§ **HOW TO COMPLETE THIS TASK**: I'd ask you to write out the lines below exactly, with no images.

§ **DATASET SECTION**:
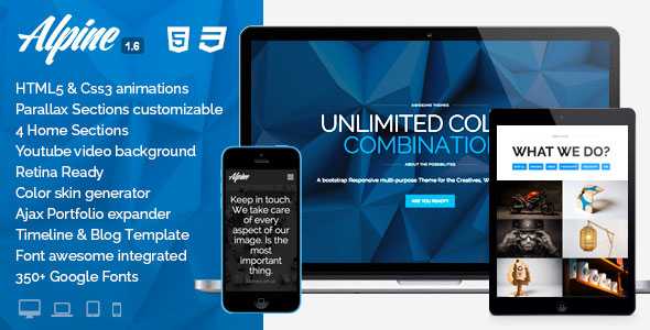 Alpine is a modern professional and flexible one page parallax responsive multi-purpose WordPress theme, developed in Bootstrap framework with great attention to details. Theme can be used for any type of website: business, corporate, portfolio, products, marketing, etc. You can modify layout, styling, colors directly from within the backend.
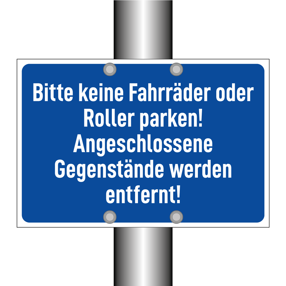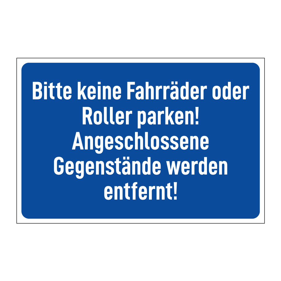 Bitte keine Fahrräder oder Roller parken! Angeschlossene Gegenstände werden entfernt!
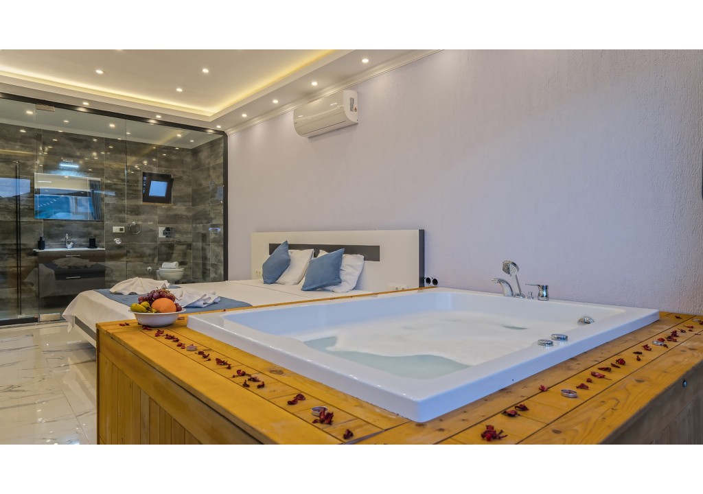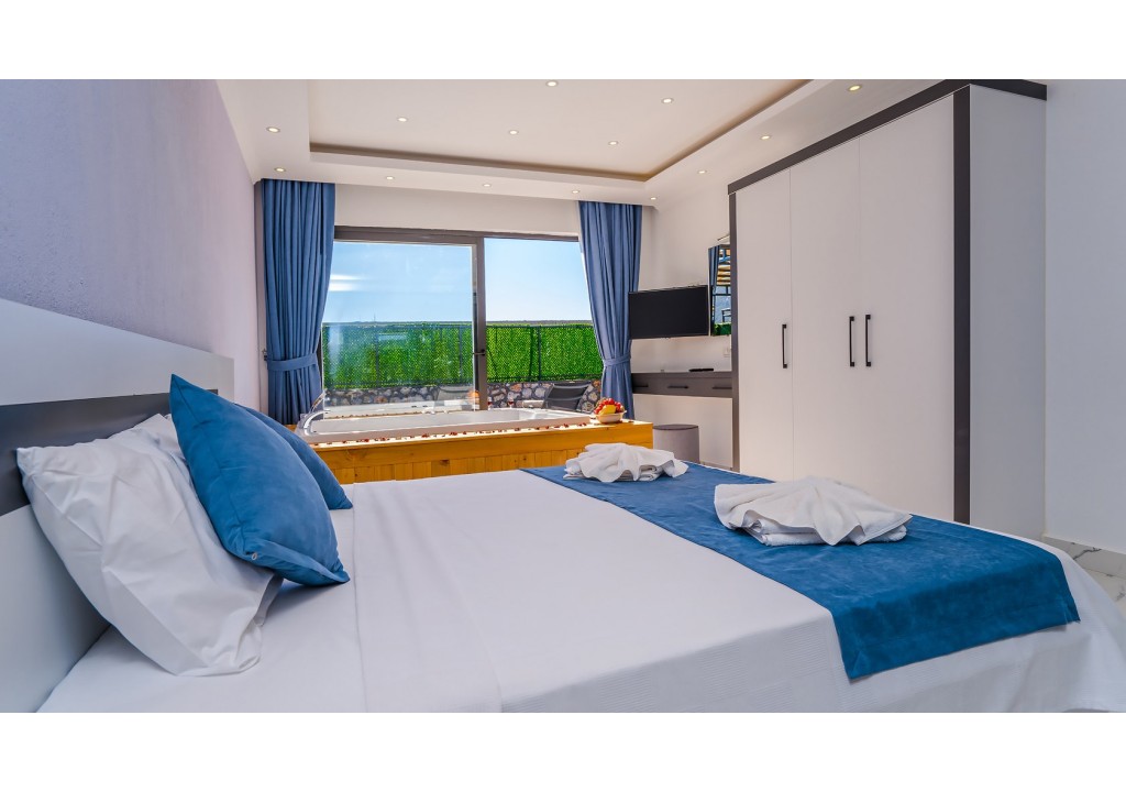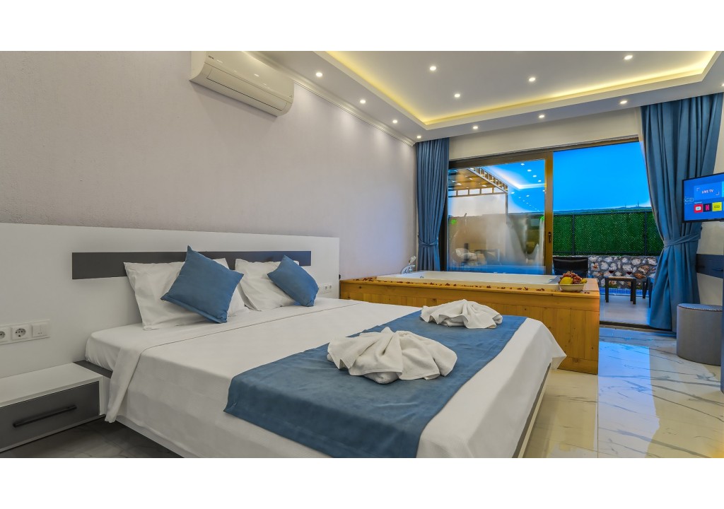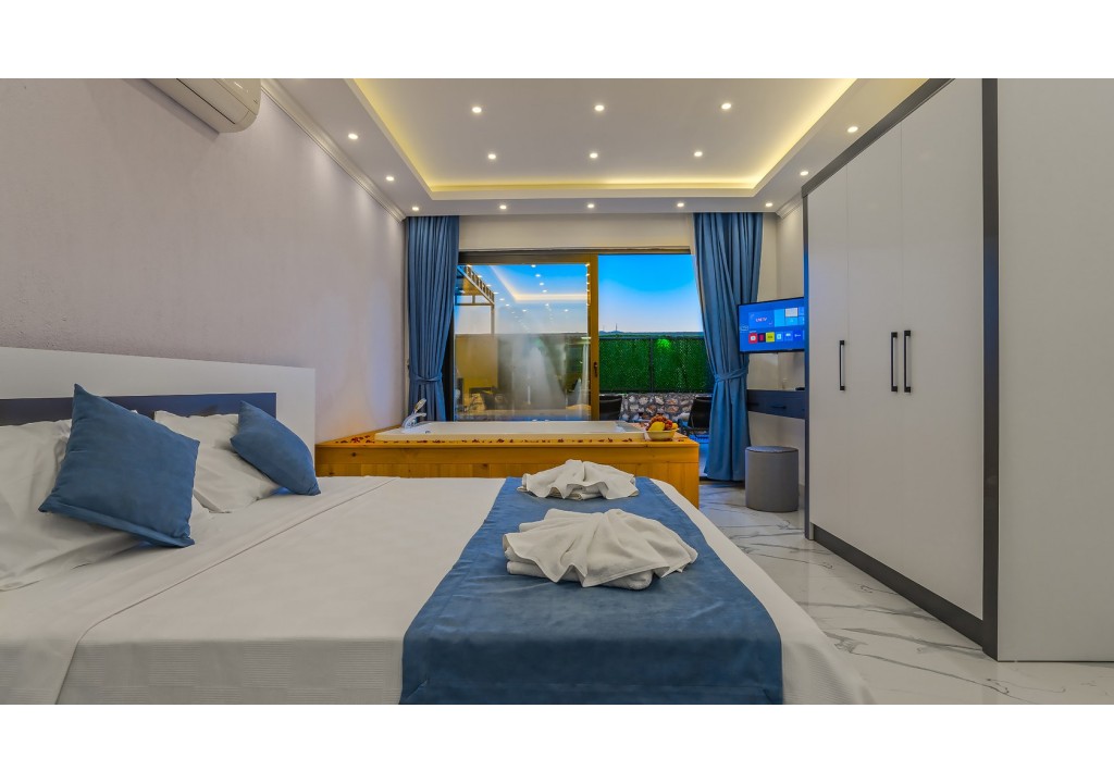Detayları; Çift kişilik yatak, makyaj masası, komidin, klima, elbise dolabı, jakuzi, banyo ve tuvalet bulunmaktadır.

§ **EXERCISE OUTPUT**:
 Alpine is a modern professional and flexible one page parallax responsive multi-purpose WordPress theme, developed in Bootstrap framework with great attention to details. Theme can be used for any type of website: business, corporate, portfolio, products, marketing, etc. You can modify layout, styling, colors directly from within the backend.
 Bitte keine Fahrräder oder Roller parken! Angeschlossene Gegenstände werden entfernt!
Detayları; Çift kişilik yatak, makyaj masası, komidin, klima, elbise dolabı, jakuzi, banyo ve tuvalet bulunmaktadır.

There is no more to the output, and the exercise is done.